The citrus flavanone naringenin attenuates zymosan-induced mouse joint inflammation: induction of Nrf2 expression in recruited CD45hematopoietic cells.

Abstract Source:

Inflammopharmacology. 2019 Jan 5. Epub 2019 Jan 5. PMID: 30612217

Abstract Author(s):

Allan J C Bussmann, Sergio M Borghi, Tiago H Zaninelli, Telma S Dos Santos, Carla F S Guazelli, Victor Fattori, Talita P Domiciano, Felipe A Pinho-Ribeiro, Kenji W Ruiz-Miyazawa, Antonio M B Casella, Josiane A Vignoli, Doumit Camilios-Neto, Rubia Casagrande, Waldiceu A Verri

Article Affiliation:

Allan J C Bussmann

Abstract:

BACKGROUND: Naringenin is a biologically active analgesic, anti-inflammatory, and antioxidant flavonoid. Naringenin targets in inflammation-induced articular pain remain poorly explored.

METHODS: The present study investigated the cellular and molecular mechanisms involved in the analgesic/anti-inflammatory effects of naringenin in zymosan-induced arthritis. Mice were pre-treated orally with naringenin (16.7-150 mg/kg), followed by intra-articular injection of zymosan. Articular mechanical hyperalgesia and oedema, leucocyte recruitment to synovial cavity, histopathology, expression/production of pro- and anti-inflammatory mediators and NFκB activation, inflammasome component expression, and oxidative stress were evaluated.

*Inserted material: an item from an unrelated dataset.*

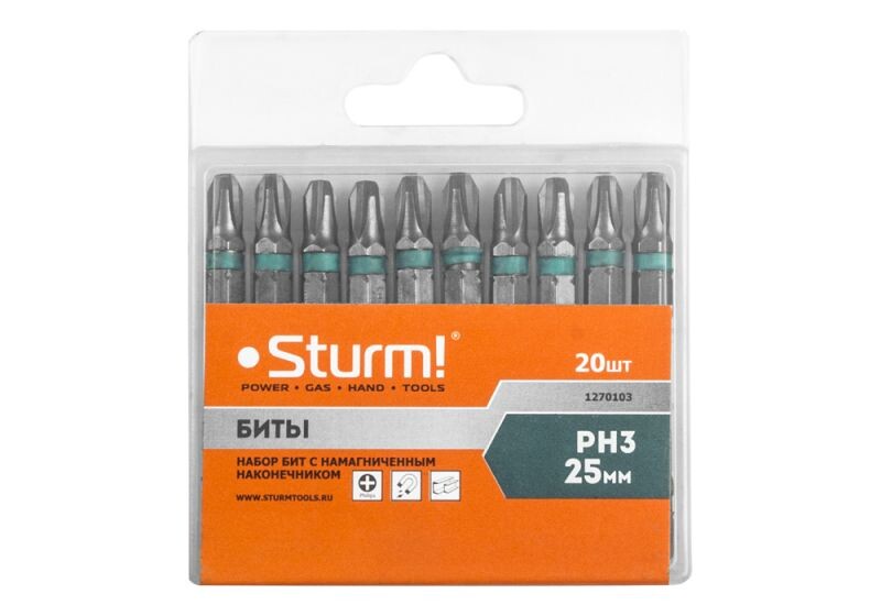 1270103 Биты PH3x25мм,сталь S2, С МАГНИТН. НАКОНЕЧНИКОМ,20 шт. в пластик.кейсе Sturm!

RESULTS: Naringenin inhibited articular pain and oedema in a dose-dependent manner. The dose of 50 mg/kg inhibited leucocyte recruitment, histopathological alterations, NFκB activation, and NFκB-dependent pro-inflammatory cytokines (TNF-α, IL-1β, and IL-33), and preproET-1 mRNA expression, but increased anti-inflammatory IL-10. Naringenin also inhibited inflammasome upregulation (reduced Nlrp3, ASC, caspase-1, and pro-IL-1β mRNA expression) and oxidative stress (reduced gp91mRNA expression and superoxide anion production, increased GSH levels, induced Nrf2 protein in CD45hematopoietic recruited cells, and induced Nrf2 and HO-1 mRNA expression).

CONCLUSIONS: Naringenin presents analgesic and anti-inflammatory effects in zymosan-induced arthritis by targeting its main physiopathological mechanisms. These data highlight this flavonoid as an interesting therapeutic compound to treat joint inflammation, deserving additional pre-clinical and clinical studies.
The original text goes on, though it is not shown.